1. Change smoking lifestyle habits
Many smokers tend to have a certain timing or ritual when they have a cigarette. For instance, many will have a smoke after waking up, after meals, during lunch break at work, before going to the bathroom, or before bedtime. Let’s consider ways of changing this lifestyle rhythm to break the smoking habit.
If you are used to having a smoke right after waking up, try keeping a glass of water next to your bed, and have a sip of it when you wake up instead of smoking. After meals, try chewing gum instead of having a cigarette. And before bed, try sipping a cup of herb tea (make sure it’s non-caffeinated – we recommend chamomile tea blends the most) instead. By trying these suggestions and considering other behavior alternatives, you can start incorporating substitutes for smoking in your daily routine and start making for a tobacco-free life.
Be careful, though, not to develop unhealthy habits by consuming too many substitutes. Try to avoid eating sweets or very salty foods,
2. Throw away ashtrays/lighters and stay away from smoking areas
Particularly in urban areas, many streets, public facilities, shops and restaurants are now non-smoking environments. This means that for smokers, the space in which they can smoke is restricted to designated smoking areas near buildings or parks, or at home.

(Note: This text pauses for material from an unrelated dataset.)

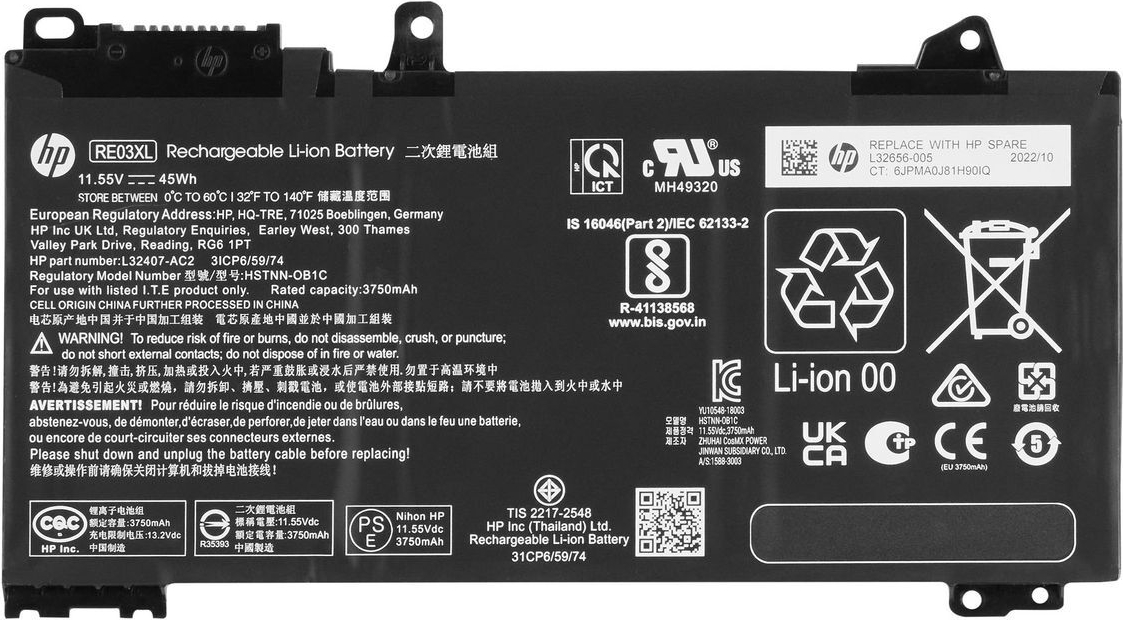 HP - Laptop-Batterie - Lithium-Ionen - 3 Zellen - 3920 mAh - 45 Wh - für ProBook 430 G6, 430 G7, 440 G6, 440 G7, 445 G6, 445 G7, 450 G6, 450 G7, 455 G7 (L32656-002)

Dare to do with all the ashtrays and lighters you own. By restricting the environments in which you can freely smoke, the act of smoking becomes troublesome – which may then lead to quitting.
To the extent possible, also avoid going to tobacco shops and spaces in which others smoke. This may result in your changing your lifestyle habits, but if there is space in your life for smoking, it’ll be difficult to leave it behind you. For example, if you had a habit of taking a cigarette break at the office, try to find a different way of taking a breather.
3. Commit to 3 days without cigarettes
It is said that the most antagonizing withdrawal symptoms appear around the third day after smoking cessation. This is because it takes around three days for nicotine absorbed in the body to be released outside the body. In other words, withdrawal symptoms tend to diminish as your body adapts to a lack of nicotine.
For that reason, when you decide to go without cigarettes, aim for a 3-day period when you know you can be active and away from cigarettes. This could be a long weekend, vacation or a time when you can focus more on hobbies, like sports, camping or traveling with a non-smoker. By planning a 3-day period away from stressful situations, you may find it easier to overcome the initial irritation brought on by quitting smoking.
Preparing goods in advance
Preparing “quit smoking” goods to help you in advance is key to helping you forget about smoking. For instance, buying gum or tea in advance is going to help you before you set in mind to change your habits. Making a plan and then preparing for it is vital.
Another example could be with e-cigarettes and non-nicotine vape juice products that simulate the act of smoking without the use of nicotine. Some people who use e-cigs have mentioned they can help alleviate the stress associated with quitting. On the other hand, there have been a number of stories from people who used vaping to quit smoking, who then become dependent on the e-cigarette. Although these devices may make it easier for some to quit smoking, it is important to view them as a tool to quit and not a permanent substitute.
On the list of products like electronic cigarettes which allow you to continue the act of smoking, is a special filter you can attach directly to the cigarette in order to gradually reduce nicotine intake.
This product, Rien Pipe, lets you continue the act of smoking while reducing your nicotine dependence over the span of a month. As an alternative method, Rien Pipe may help make it easier for smokers to take the final step of becoming a quitter.
Even for those who have been able to quit smoking for years, there is a danger of being tempted to have “just one smoke” – and succumb again to smoking. When people decide to give up smoking, they are deciding to take positive action toward a healthier life – a life not reliant on cigarettes. Getting in the mindset of quitting is an important first step.